Он не мог разобрать, почему все не может быть просто и естественно, почему надо так выпендриваться (веселое словечко из братского лексикона). Это было дурное истолкование знаменитой фразы Шекспира, представляющей из себя наибанальнейшее общее место. Он понимал ее иначе, так, как любил призрачную живопись неуловимого Дега, никогда не высказывающего правду до конца. А здесь и не было правды.

- Вот, знакомься, это – Толик. Рекомендую-с. Толик, это - ***, мой брат.

Никто не хотел его обидеть, да, упаси Бог, никому бы не пришла в голову подобная дурацкая мысль. Ему пришла. Встревоженным, озлобленным волчонком сдержанно отвечает на приветствие, жмет руку, выслушивает соболезнование, благодарит. «Вы меня своей игрой не проведете!» Брат и Толик переносят некоторые полки, ругаются, когда один из них оступается в плохоосвещенном подъезде. Соседка выбегает в сарай, но не торопится пройти мимо, смотрит.

Закрой глаза, зажми уши, и день минет, растворятся тени, погаснет свет, и ты останешься сам с собой. Ты слышишь гул далекого прибоя, загадочный как постепенно нарастающий зов новой жизни, новых смелых свершений? Ты видишь себя свободным, не скованным приторными в своей убогости домашними обычаями, способными воспитывать лишь сонных квасных мух. Неужели тот заповедный мир, что ты строил у себя за письменным столом, невозможен в жизни повседневной, хотя бы частично?! Надо убежать, вырваться из тупика, и он опять поглядывает с тоской на воображаемое Умиление. Со страхом снимает иконки, долго перебирает в руках, ни о чем не думая, ничего не решая. Пухлые чемоданы у ног. Рукописи, вернее, то, что он считал ценным для себя, уже упакованы, остальное – в печку, как и фальшиво медовую летнюю поэму. Кажется, все.

Он осматривается кругом. Судьба многих вещей горька и неясна: в лучшем случае их приобретет какой-либо щедрый антиквар, в сырых и темных помещениях которого вещи будут припоминать свою молодость и плесневеть. Квартиру приобретет агентство по недвижимости, поместит в газетах рекламу, произведет аукцион, и за сотню-другую тысяч навсегда умолкнет тот неведомый домовой, которого он так боялся в детстве. Вернее, ему зажмут рот. Иначе быть не может.

Впереди – многоточия, как в конце плаксивого замысловатого романа, сдобренного целым оркестром нерасхлябанных эмоций. Нет, он не сгущает краски, малюя себе отвратительную клетку где-то в небоскребе, нет, он не радуется переменам, разве только углубляется в себя, чтобы ничего не потерять, чтобы войти в новый мир собранным и отважным. В конце концов, хоть какое-то участие не может не льстить.

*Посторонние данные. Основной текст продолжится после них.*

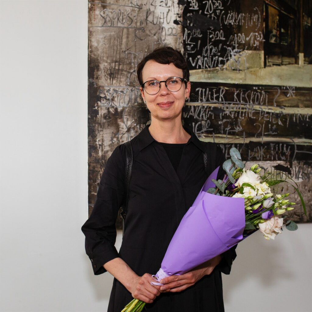 Anu Allas 19. juunil Tallinna Kirjanike Majas Eesti Kirjanike Liidu 2025. aasta romaanivõistluse tulemuste väljakuulutamisel.

Это временное озарение. Брат кричит: «Нечего сидеть, мы сюда не возвращаемся», и вдруг убегает куда-то вглубь, исчезает, а Толик удерживает, не дает пойти за ним, словно здесь какой-то заговор. Ничего не понимая, спускаешься вниз, заглядываешь в одинокий сад, где легонько поют забытые детские качели. Это капель поет, стекает по цепи, скатывается куда-то вниз. Со временем в саду образуется приличная лужа, она поглотит собой все вокруг, и промозглыми, пропащими днями в ней будет тонуть рой затравленных клочковатых облаков. Больше он не думает. Не смеет. Брат уже вернулся, поигрывает брелком с ключами, а Толик лихо заводит мотор и резко выныривает на проезжую часть. Сзади, за мокрым стеклом, за двумя скользящими по нему спицами, мрачнеет дом. Что-то забыто. Навсегда. Забыто. Вернуться, воротиться назад! Остановить этот переезд! Но машина упорно движется вперед, глупой болтовней бормочет надоедливое радио, и каждый музыкальный оборот, каждый ухаб (дороги здесь были старыми) ввергает в еще большее уныние и равнодушие.